Read The Prince of West End Avenue Online
Authors: Alan Isler
"In that case," she said, heaving herself to her feet, "some of us ain't going to stick around. For starters, you can find yourself a new Ophelia."
But I had had time to prepare for this challenge. Her gauntlet lay at my feet. I let it lie there.
"You are a person, Tosca, of extraordinary sensibility. Such people require special courage just to cope with the ordinary rotten facts of life." That held her. "But the fact here is, the people in this play are Christians, and Christians expect Christian burial. We can't do anything about that without doing unpardonable violence to the play."
"Hah!" She tossed her head and pounded her fists into her hips.

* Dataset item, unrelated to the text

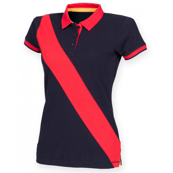 Front Row Women's Navy/Red Diagonal Stripe Cotton Pique Polo Shirt
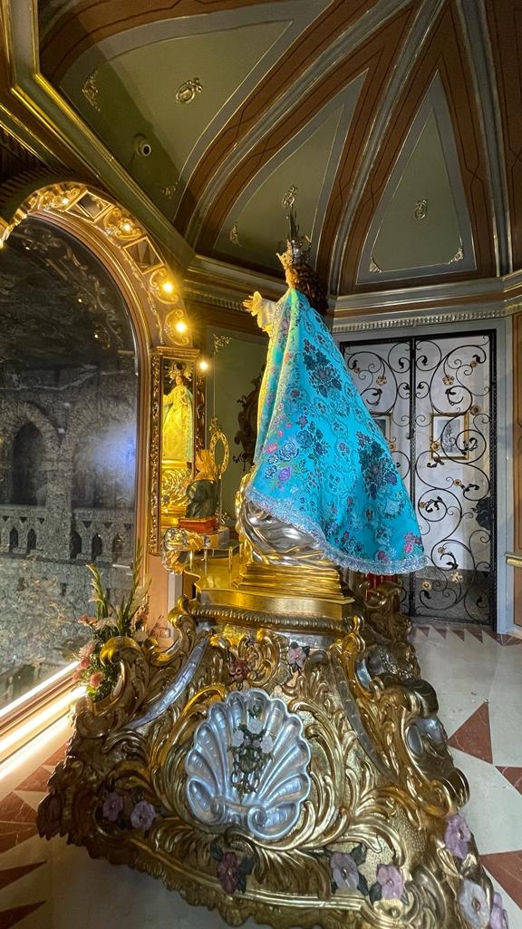 E’ possibile guardare da vicino la vergine attraverso delle grate e, appese alle pareti, ci sono delle candele votive dalle forme particolari: braccia, gambe, bambini, petto, testa…insomma le varie parti anatomiche umane.

"But the good news for you personally, Tosca, is that Ophelia does notgtx. Christian burial."
There was an excited murmur from the troupe.
"Remember, she gets only maimed rites.' 'What ceremony else?' asks Laertes. None, says the priest. Only because orders have come down from the highest secular power does she get buried in that graveyard at all. So there's no possibility of Christian burial for Ophelia."
La Dawidowicz frowned and dropped her arms to her sides.
"Let us not forget what Sinsheimer, that great man of the theater, told us about the willing suspension of disbelief For the sake of the play the audience supposes you to be Ophelia, but that same audience also knows, and of course the printed program will make quite clear, that the part of Ophelia is merely played by Tosca Dawidowicz."
"Well, maybe." She sat down again.
"And when at the play's end you take your curtain call, when you blow your kisses to an ecstatic audience, it will be your name they'll be shouting, not hers: 'Tosca! Tosca!' "
"Please, Tosca," pleaded Lottie Grabscheidt. "I beg of you, listen to what he says."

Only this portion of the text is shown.